Ia juga menjelaskan jika saat ini persidangan sudah berjalan sekitar 7 kali persidangan. Dan putusan sela sudah keluar sejak selasa lalu (25/05/2021) dan Pemdes Selorejo dinyatakan menang. Namun, hakim masih memberikan tenggat waktu bagi kubu petani jeruk untuk melakukan banding.
“Kami tidak mempermasalahkan jika mereka (petani jeruk) melakukan banding, karena itu hak mereka,” tegasnya.
Ia juga jumawa jika pihaknya sudah dipastikan menang karena menurutnya usaha banding para petani jeruk hanyalah sia-sia.
“Itu cuma mengulur-ulur waktu saja, katena kwitansi itu di tahun 2020 sistemnya dirawat dulu, setelah panen dibayar. Dan kwitansi itu juga sudah kelewat,” tegasnya.
Di tempat terpisah, kuasa hukum Petani Jeruk Desa Selorejo, Wiwit Tuhu, mengatakan jika pihaknya belum menyerahkan untuk melakukan banding terhadap putusan sela tersebut. Ia juga mengungkapkan kekecewaannya terkait keputusan majelis hakim di Pengadilan Negeri (PN) Kepanjen tersebut.
“Dari kuasa hukum warga yang mengajukan gugatan class action menyatakan kekecewaan terhadap keputusan majelis hakim,” tegasnya.
Ia juga mengatakan jika pihaknya diberikan tenggat waktu 14 hari untuk mengajukan banding sejak putusan sela pada 25 Mei 2021 lalu.

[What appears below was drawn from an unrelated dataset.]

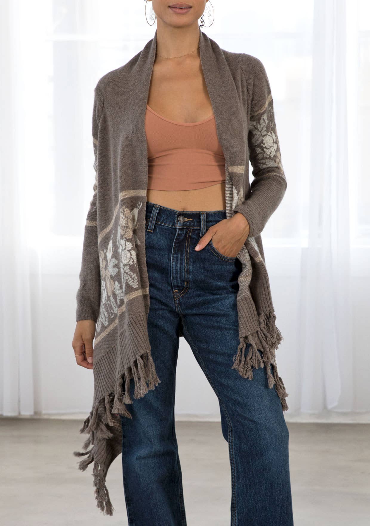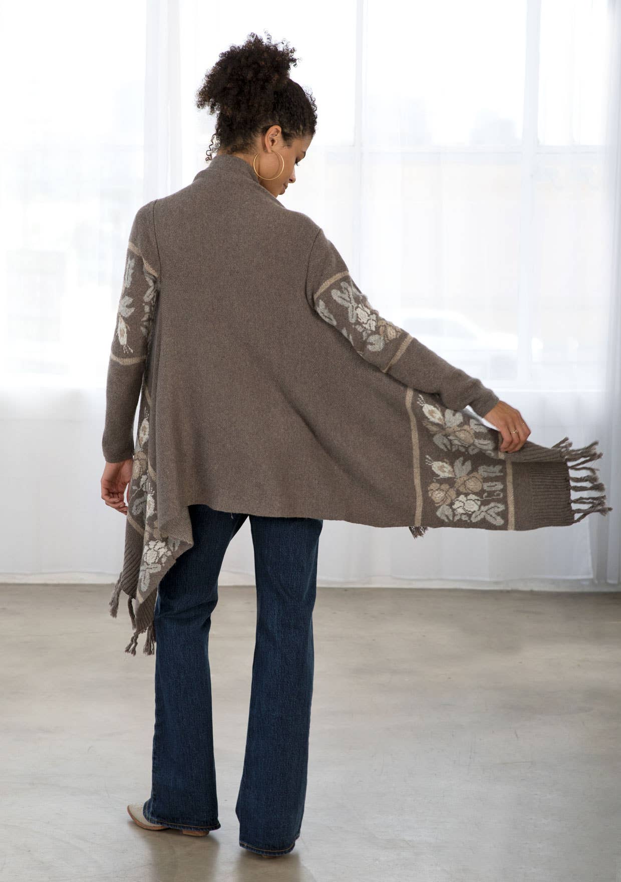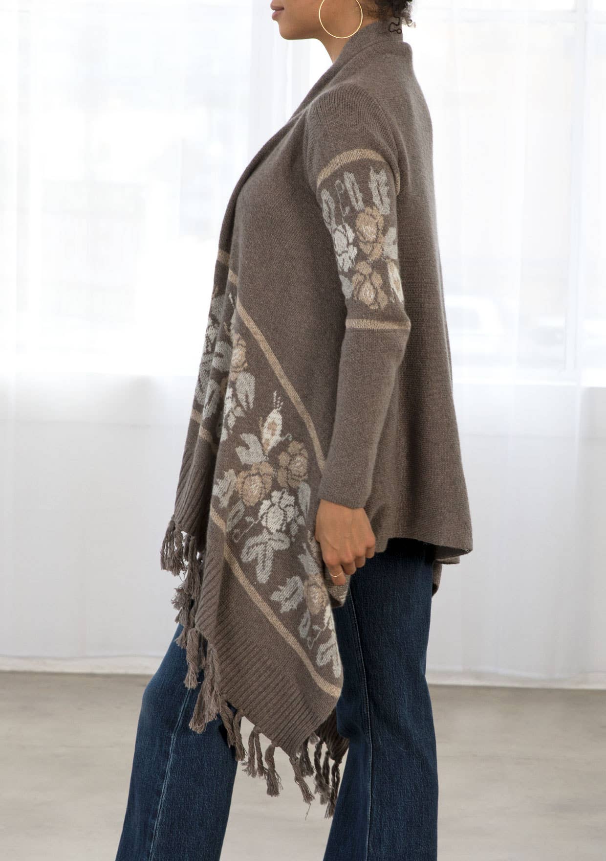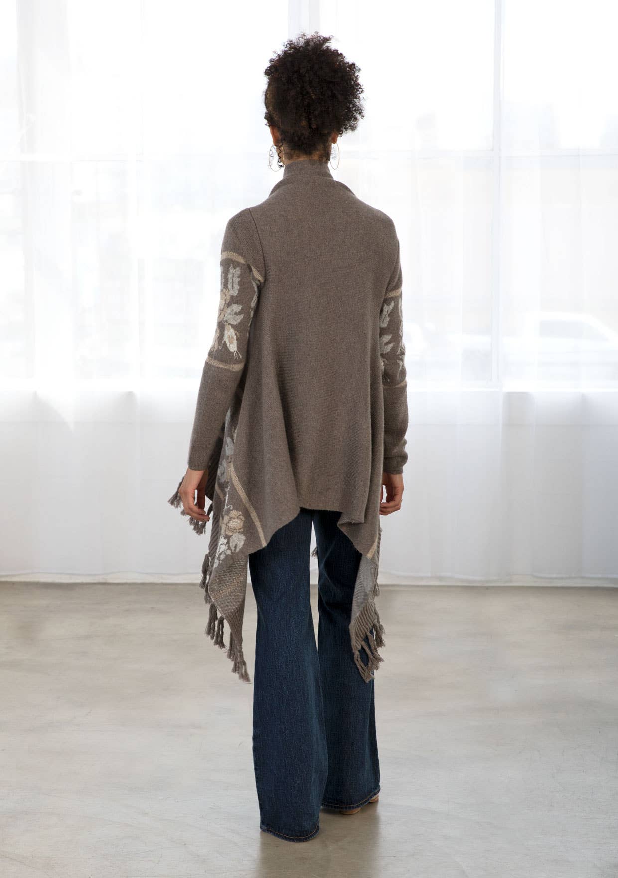 This long sleeve knit sweater has an open front with western floral trim and fringe accent hem. Features long cozy sleeves, a shawl collar, ribbed detail, and a pretty waterfall hem.
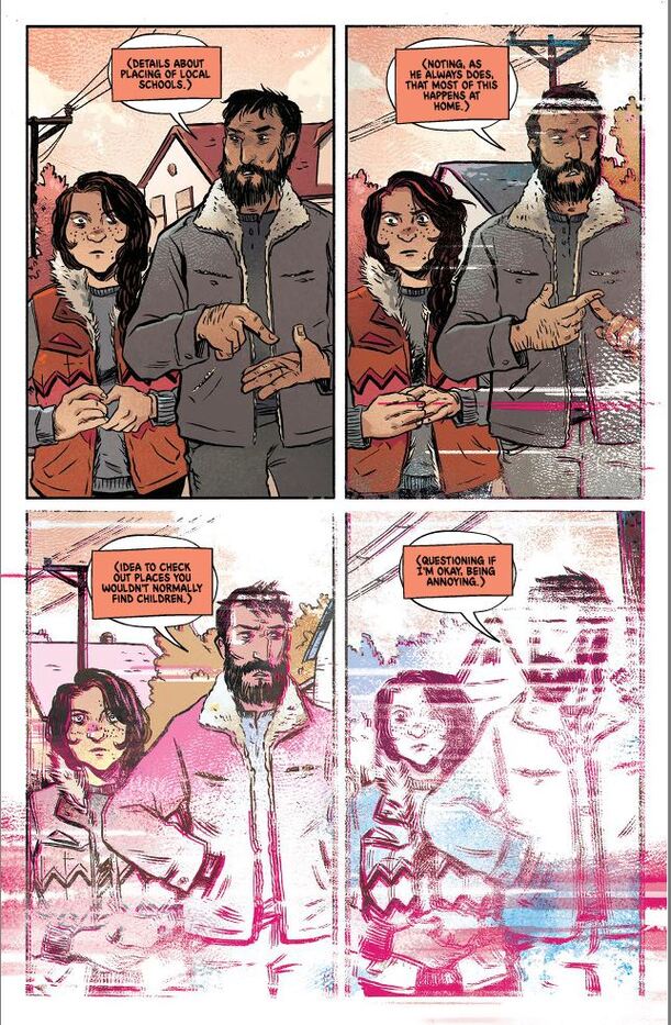 Panels turn to static when Jacey’s mind stops her from remembering horrible memories, and David’s keen sense of smell, when picking up on different people’s scents, is depicted as multi-coloured lines showing those people’s movements.

“Putusan tersebut bukan berarti penyewa kalah dan dianggap tidak berhak atas tanaman jeruk, karena putusan tersebut adalah putusan sela mengenai formalitas gugatan saja, belum masuk ke pokok perkara tentang penyewa ini berhak atau tidak atas tanaman jeruknya, jadi tolong dipahami benar terkait proses peradilan yang sedang berjalan,” jelasnya.
“Kalau ada pertanyaan apa dasar hukumnya banding, maka dapat diterangkan banding adalah upaya hukum yang dilakukan apabila salah satu pihak tidak puas terhadap putusan Pengadilan Negeri. Dasar hukumnya adalah UU No 4/2004 tentang Perubahan Atas Undang-undang Pokok Kekuasaan dan UU No 20/1947 tentang Peradilan Ulangan,” imbuhnya.
Wiwit juga mengatakan jika saat ini para petani jeruk hanya berharap agar diizinkan tetap menyewa lahan dan tidak meminta ganti rugi.
“Para penyewa saat ini sudah jelas penguasaan atas asetnya. Oleh karena itu, kami akan terus berjuang untuk petani yang sudah menanam dan membesarkan tanaman jeruk tapi belum mendapatkan keuntungan,” pungkasnya.